With This Prosthesis, Amputees Can Have Feelings Like A Real Arm
Anita
Researchers have developed an artificial hand that allows amputees to regain their proprioception.
Scientists have made a prosthesis with which users can feel where it is as well as the fingers' positions. The improvement probably helps the amputees to use their artificial hands more naturally and effectively.
Amputees face many difficulties due to prosthesis rejection. Therefore, many of them do not use these prosthetic mechanical or electronic devices in their life because they can become complicated. In fact, prosthesis devices do not have true sensation or even if they do, it is nowhere near the level that people had before.
It is known that temperature and touch detection plays an important role, but it is more essential to simply know the positions of the limbs and what they are doing. Should you close the eyes, you are still able to tell how many you are holding up, where each digit is, whether they are gripping a big or small thing, etc. However, an artificial device or even the one integrated with your nerve system to give feedback cannot help you to know these above things. This means that users need to watch what they are doing all the time.
German, Italian and Swiss engineers and neurologists published details about their creation in the latest Science Robotics journal. It takes the current concept of transporting touch data to the brain via electrodes connected to the arm’s nerves and adapts it to give real-time feedback of proprioception.
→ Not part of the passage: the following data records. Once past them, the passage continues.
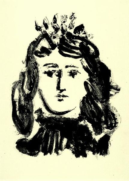 Editor: Here we have Anatoli Kaplan's "Portrait of Godl," a lithograph created between 1957 and 1961. The texture is what immediately strikes me. The granular surface and stark contrast give it an almost ghostly presence. What do you see in this piece from a formalist perspective? Curator: Indeed. Observe how the artist uses dense, vertical hatching to define the background, a field of visual energy that both surrounds and seemingly penetrates the figure. The lithographic technique lends itself well to this, creating a palpable tension between figure and ground. Editor: So it’s the technique itself that is creating this specific affect? Curator: Precisely. Note the figure's flattened, almost mask-like quality. The heavy outlining and stark value contrasts—areas of dense black juxtaposed with unmodulated white—serve to emphasize the two-dimensional surface of the print. The strategic use of chiaroscuro directs the eye to the face, the locus of the portrait. Consider also the collar, how its textural detail contrasts with the relative flatness of the face and the boldness of the dark shoulder line, dividing the space. Does it remind you of other works of the time? Editor: It reminds me of other expressionist prints, in the way the artist prioritizes communicating an emotional or psychological state rather than a strictly mimetic likeness. I’ve never noticed that this can also come through such deliberate surface contrast and line quality, as you point out! Curator: Formal analysis reveals how Kaplan constructs meaning through purely visual means: the tension between depth and flatness, light and shadow, texture and line. The effect is unsettling. I would add that while the work can appear realistic, it takes on symbolic significance when viewing it in light of Russian non-conformist art. Editor: Thank you, that has significantly sharpened my perception of this piece.
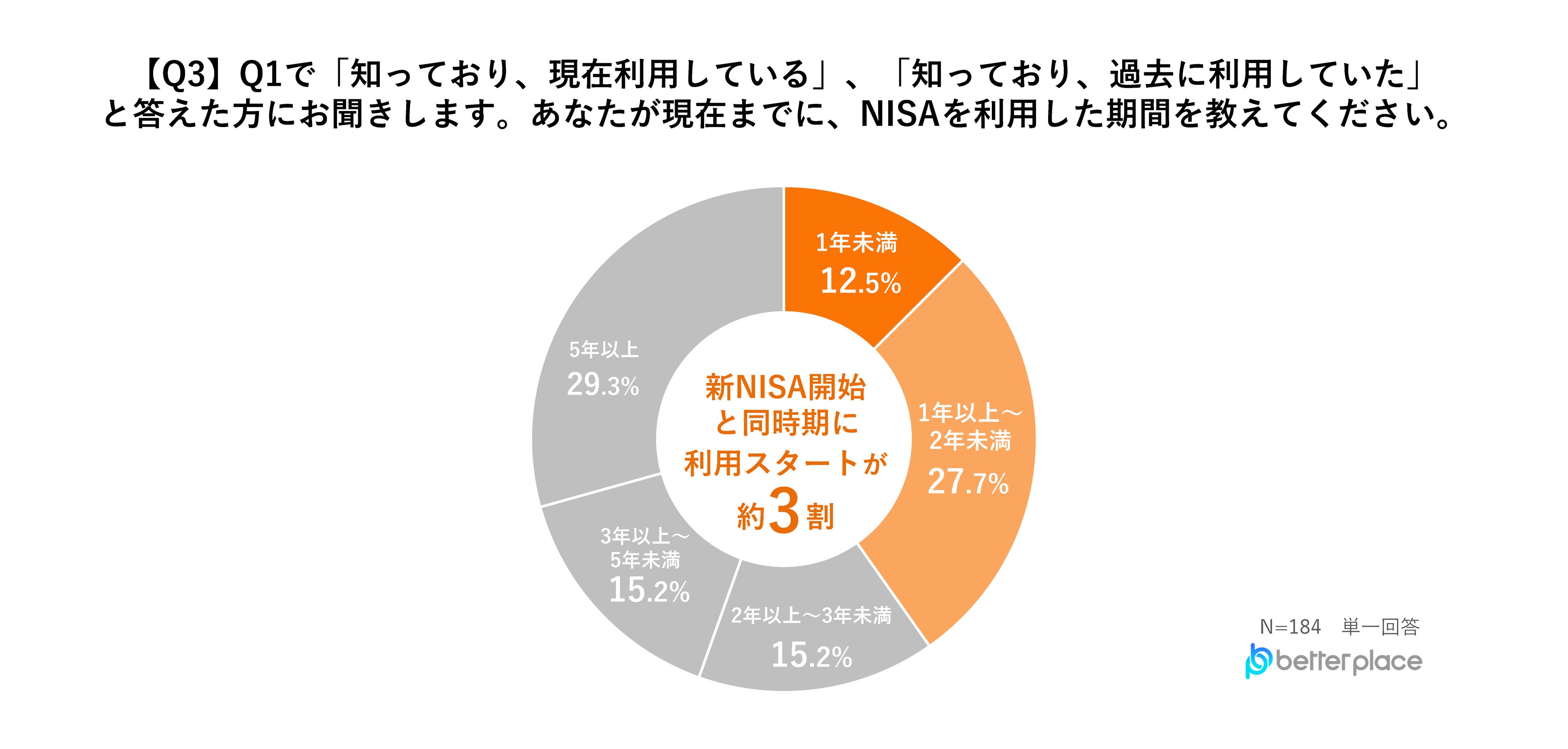 【Q3】Q1で「知っており、現在利用している」、「知っており、過去に利用していた」と答えた方にお聞きします。あなたが現在までに、NISAを利用した期間を教えてください。
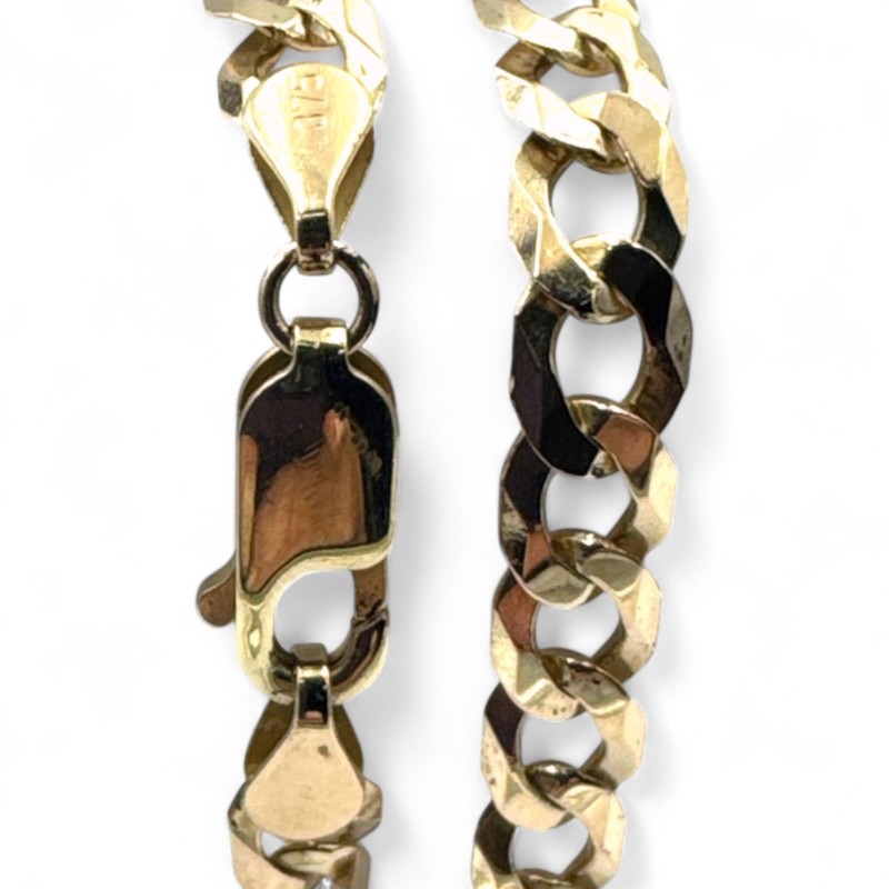 This stunning 9K yellow gold necklace features a classic link design. Crafted from 13.25g of durable 9 karat yellow gold, the necklace measures a generous 55.5cm in length and 0.5cm in width. The hallmark of .375 confirms the precious metal content. The engraved details "JP4 375 ITALY" add an elegant touch of provenance. This timeless necklace is perfect for effortless everyday wear. All sizes and measurements are approximate.
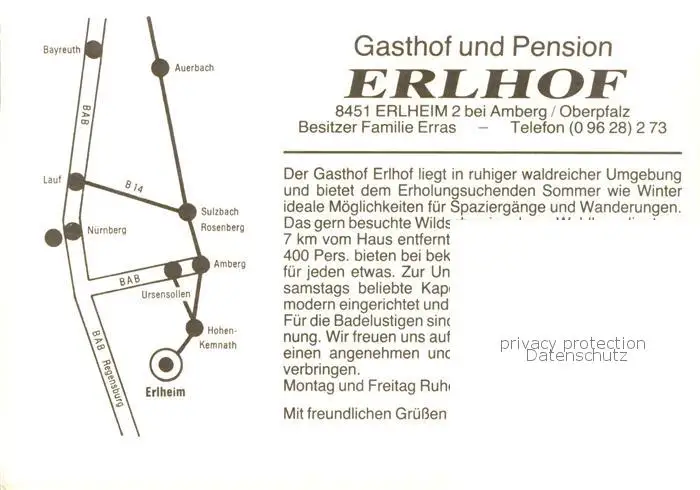 Amberg_Oberpfalz Erlhof Gasthof Pension Gastraeume Bar Amberg Oberpfalz postalisch nicht gelaufen nach 1965 Werbekarte (keine Postkarte) Erhaltung siehe scans [WerneD78] Werbekarte (keine Postkarte) WernPID7
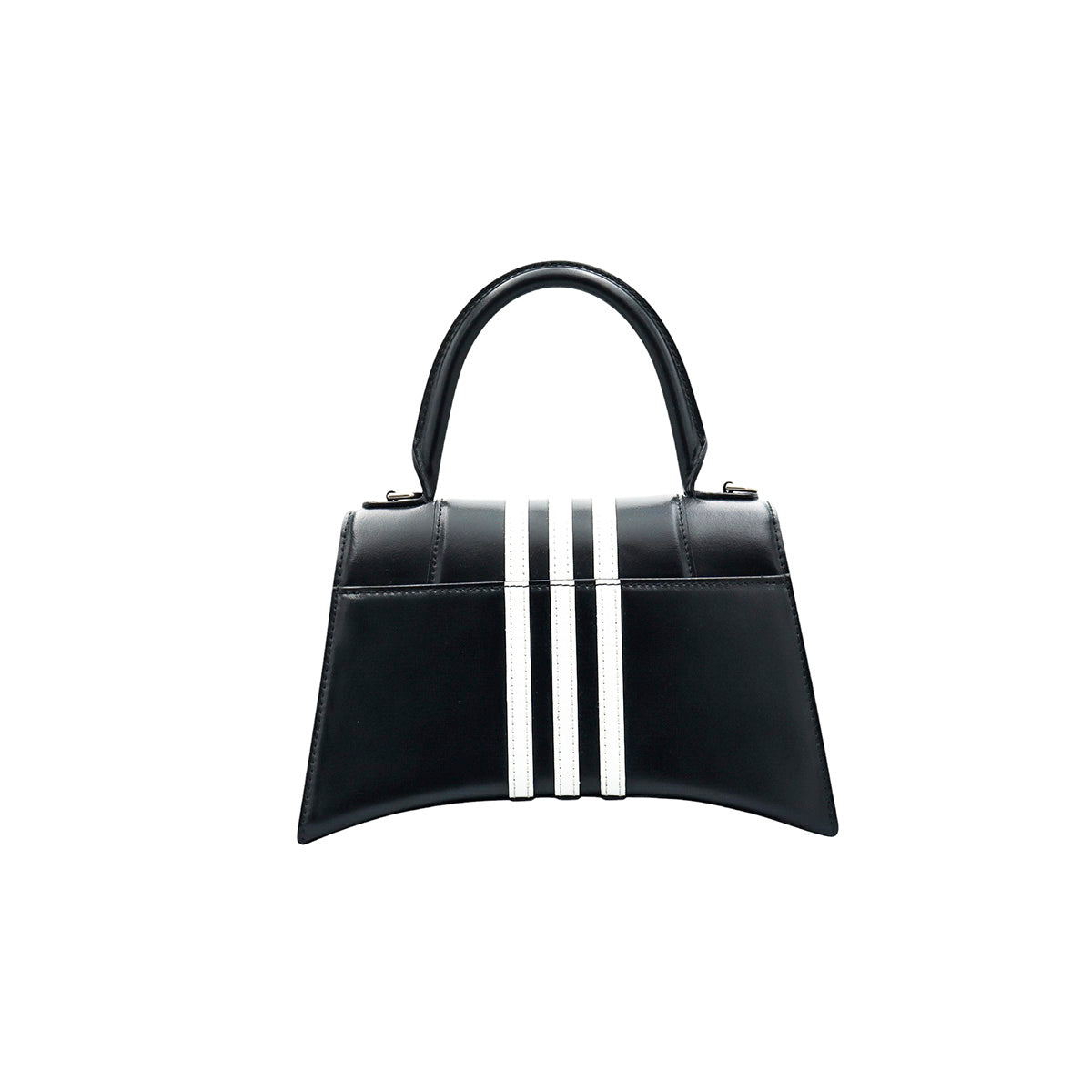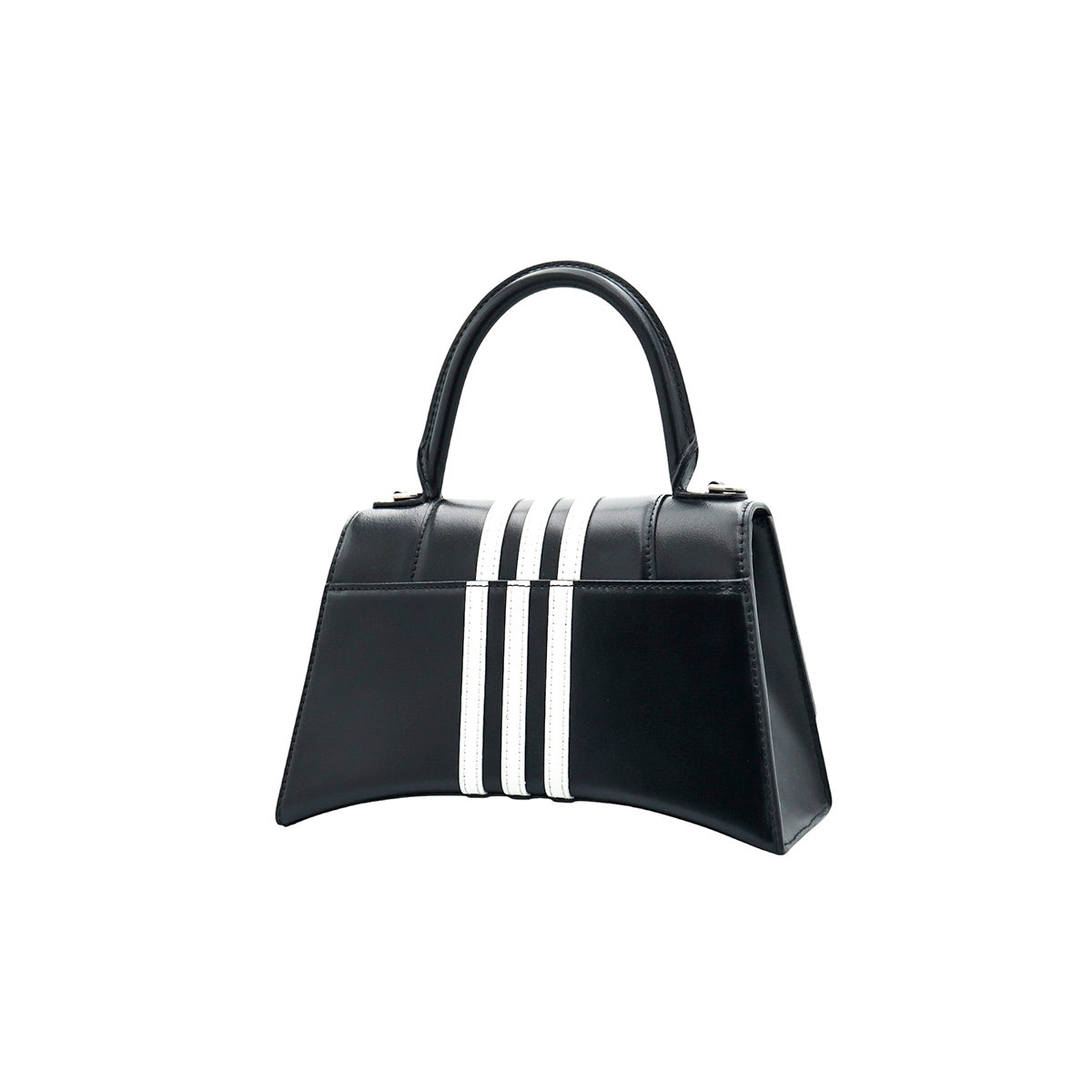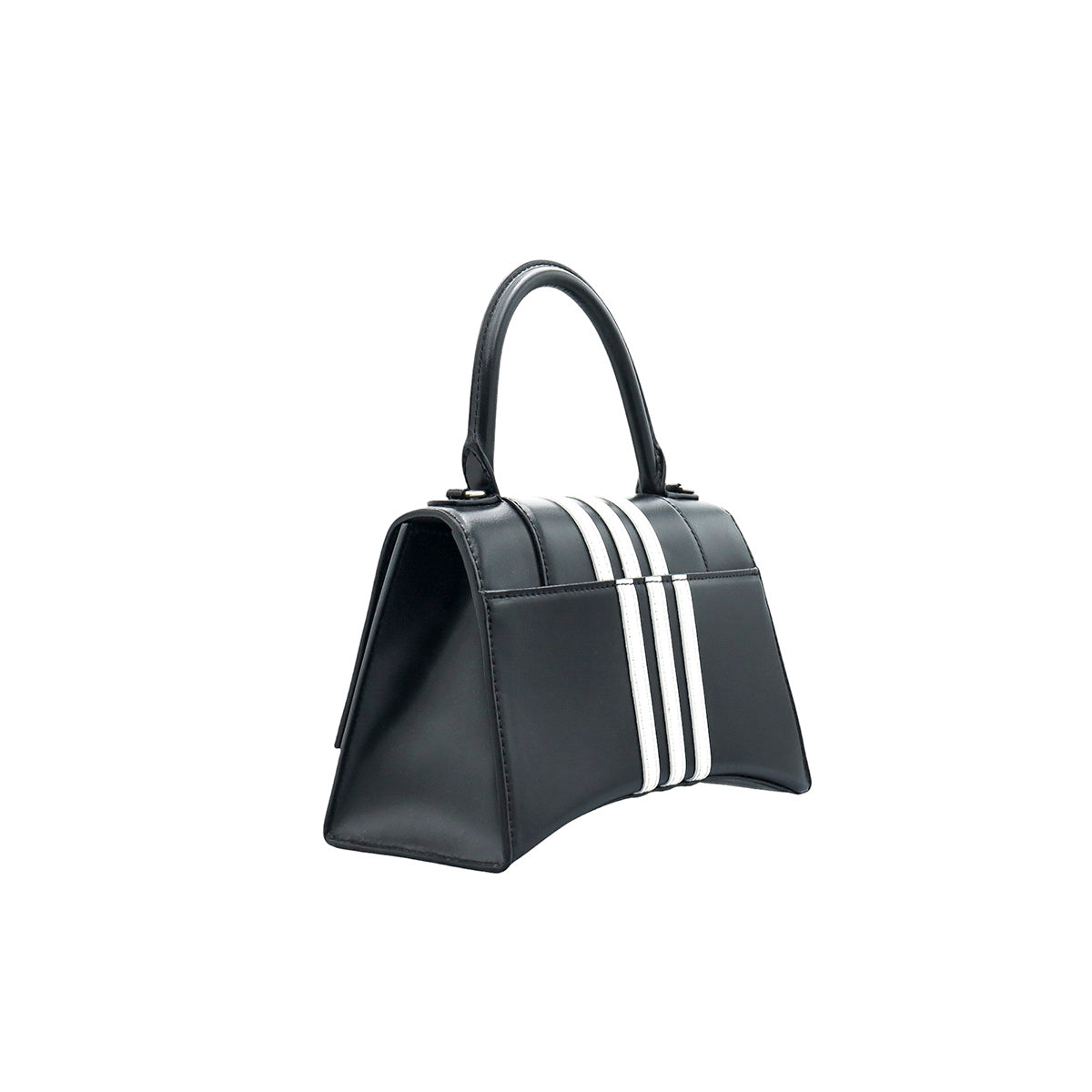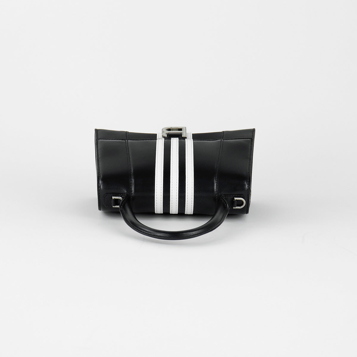 Bolso Hourglass en colaboración Balenciaga X Adidas edición limitada, confeccionado en piel color negro con las 3 franjas distintivas de la marca en solapa y parte trasera, con 1 asa rígida y correa para llevar al hombro, cierre magnético en la solapa con la B y herrajes en color plata avejentado, con leves manchas de maquillaje al interior.
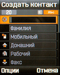 Адресная книга представлена в классическом для этого производителя варианте и рассчитана на тысячу ячеек. При заполнении информации об абоненте можно внести имя, фамилию, номер мобильного, домашнего и рабочего телефонов, факс, дополнительный номер и адрес электронной почты. Кроме того, есть возможность присваивать контакту картинку, мелодию звонка, определять его в одну из групп и даже добавлять небольшой текстовый комментарий. Так же, как и в старших моделях, личная мелодия превалирует над установленной для группы.
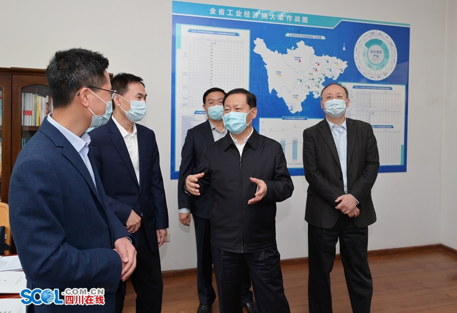 调研中,彭清华、尹力来到经济和信息化厅工业经济综合处,与工作人员亲切交谈,详细了解全省加快工业企业复工复产、重大产业项目建设、推动工业经济增长及成渝地区双城经济圈产业链协同发展等情况,对经济和信息化厅和相关部门在疫情防控期间的良好工作成效给予肯定。
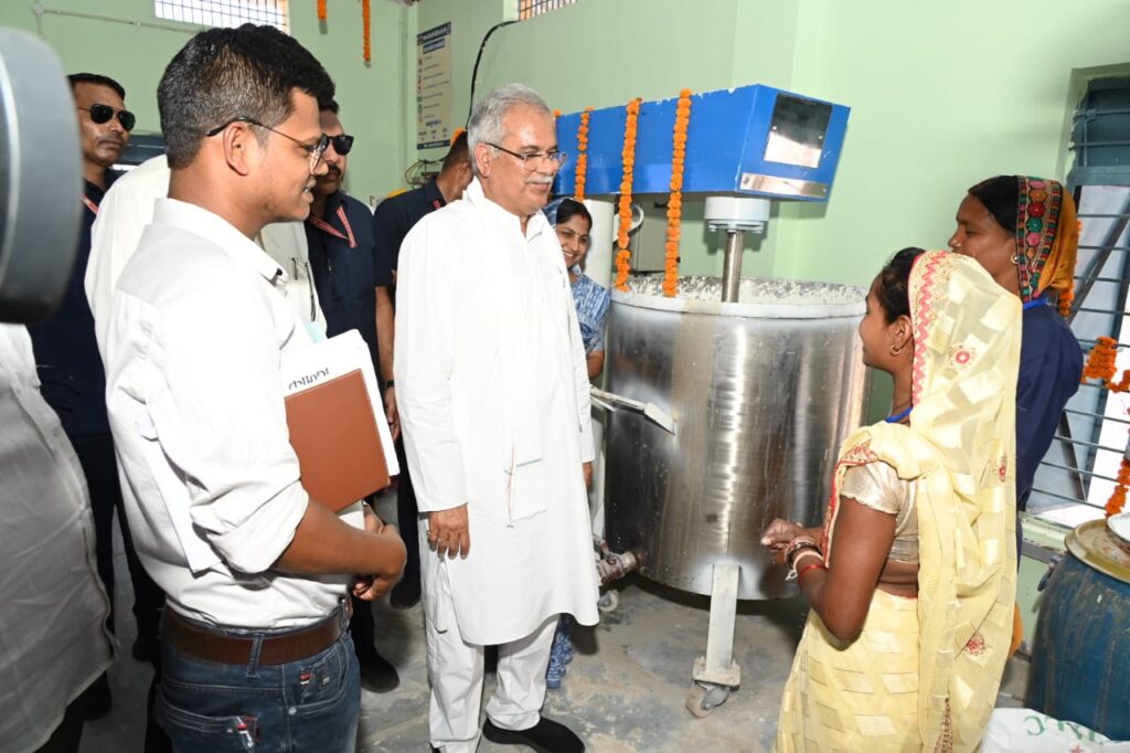 मुंगेली, मुख्यमंत्री श्री भूपेश बघेल ने आज लोरमी विधानसभा में भेंट-मुलाकात कार्यक्रम के दौरान चंदली में रीपा भी देखा तथा यहां हो रही गतिविधियों का निरीक्षण किया। उन्होंने महिला समूह के सदस्यों से चर्चा भी की। मुख्यमंत्री को जय बुढ़ा देव स्व-सहायता समूह की सदस्य सुनीता धु्रव ने बताया कि पिछले 2 माह ही हुए गोबर से प्राकृतिक पेंट का निर्माण करते। 860 लीटर गोबर पेंट बेच चुके हैं, इससे 62 हजार रुपए की आमदनी हो चुकी है।
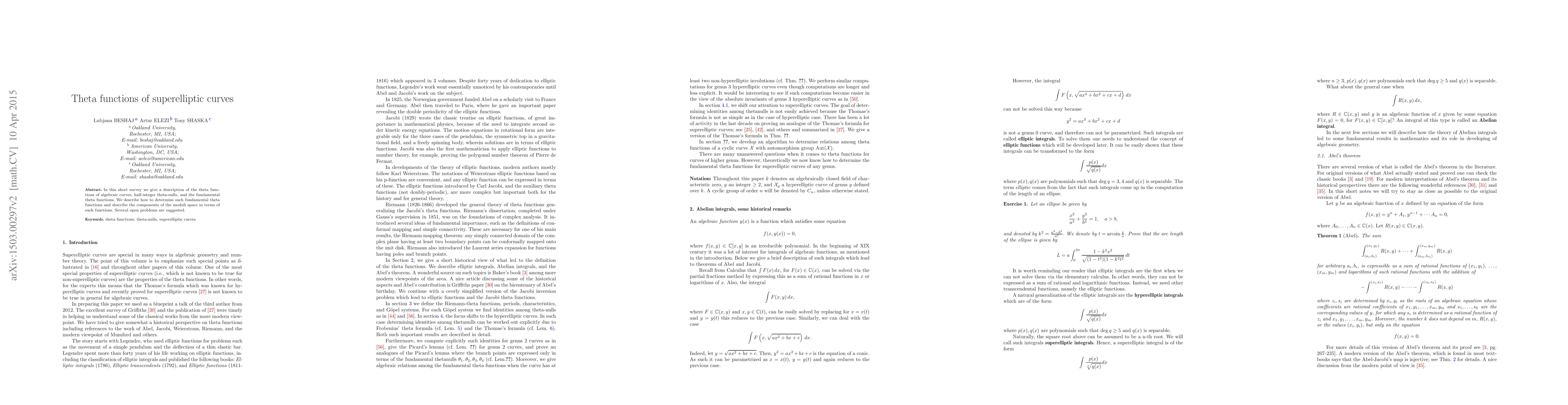 This paper provides an overview of theta functions associated with algebraic curves, focusing on superelliptic curves. It details the determination of fundamental theta functions and elucidates the structure of the moduli space through these functions.
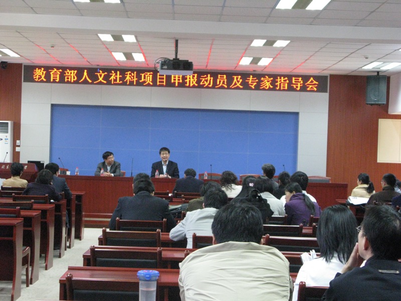 王國順在會上首先作項目申報動員報告,回顧了我校近幾年教育部項目申報與研究工作的基本情況,鼓勵廣大教師潛心基礎研究,找準定位,突出優(yōu)勢,形成特色,積極申報,強調特別要做好申報書的撰寫工作,仔細研讀申報指南,精細安排時間,解放思想、合理組織隊伍,教師、學院、學校共同努力,爭取在2010年的項目申報工作中取得突破。
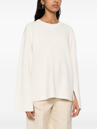 Priam ribbed jumper Highlights - Cream white - Merino wool-cotton blend - Ribbed knit - Ribbed trim - Round neck - Drop shoulder - Long wide sleeves - Split cuffs - Straight hem - Unlined Imported Composition Merino 50%, Cotton 50% SIZE & FIT Model measurements Height 5 ft 9 in(1.76 m) Bust/Chest 31.1 in(79 cm) Hips 36.61 in(93 cm) Waist 24.8 in(63 cm) FittingInformation Designed to be unstructured, offering a loose fit throughout Made with a midweight knit, this piece offers some stretch This piece fits true to size – take your usual size
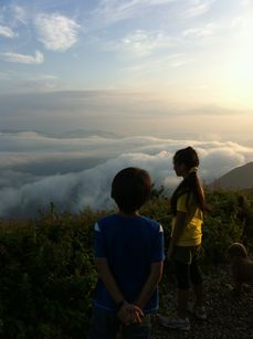 夏休みの思い出つくりかのこ、小学生最後の夏休みだし、いろんなとこに、できるだけ、連れてってあげたいなって。今回は、伊吹山御来光ツアーにいってきたよって、ツアーでもなんでもないけど・・・。ワラ朝2時半に起こして、3時にはおうちを出発もちろんまっくら駐車場に着いたら、半そででは寒いくらいまっくらな、山道を月明かりだけをたよりに、40分の遊歩道を選択し、登っていったよぉ山頂についたら、薄暗い明かりがさしてたの。5時10分すぎ、いまかいまかと太陽があがるのをまつ。ほかの人たちからも、そおんな声があがってた。太陽が見えてからは、あっという間~すっごい、きれいだったよぉ帰りは、ゆ~っくり遊歩道を散策しながら、降りてったよチェリコも行き帰り、抱っこもせがまずに、ちゃんと歩いていけたんよぉちょっと霧がかかってたけど、それはそれで、すっごい綺麗だったよオススメ、よかったら行ってみてね
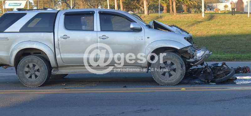 El rodado menor, impactó de manera frontal con la camioneta, siendo arrastrado unos 80 metros aproximadamente.

Silvestro Micera from the École Polytechnique Fédérale de Lausanne said in the latest news release:
The researchers have spent a decade on engineering and demonstrating this possibility that is probably of huge benefit. Having an intuitive and natural understanding of your limbs’ positions could likely help artificial devices become much more comfortable and useful for the users.
The prosthetic hand sends its collected information to the brain via the pathways of nerves which would be sending touch normally to that area. However, it would be rather hard to really reproduce the pathways for the proprioception. Therefore, the team used sensory substitution instead. It uses other ways like usual touch to show modalities of different senses.
Image: TechCrunch
A simple example is a machine which touched your arm in a different place depending on the position of your hand. It is much finer in the matter concerning this research, but still essentially showing the position information as the touch information. It seems to be weird, but human brains are absolutely good at becoming adjusted to it.
As evidence, two amputees using this technique could determine the differences between four objects with different shapes which is being grasped with high accuracy (75%) and closed eyes. The opportunity would be 25%, which means that the sensation of holding objects with different sizes is very easy to know. Surprisingly, the scientists could add real touch feedback to the current pathways and people were not confused by it. Therefore, there is a precedent for multi-modal sensory feedback from a prosthesis limb.
It is known that the study still has clear limitations like the type and number of fingers that it could relay data from and the quality and kind of that information. And the process of the “installation” still seems invasive. However, although it is leading work, the research is still very global and iterative, developing by the small steps until all prosthetics, science, as well as a sudden, has made extremely important positive development. And the users of artificial limbs will also be making many big strides too.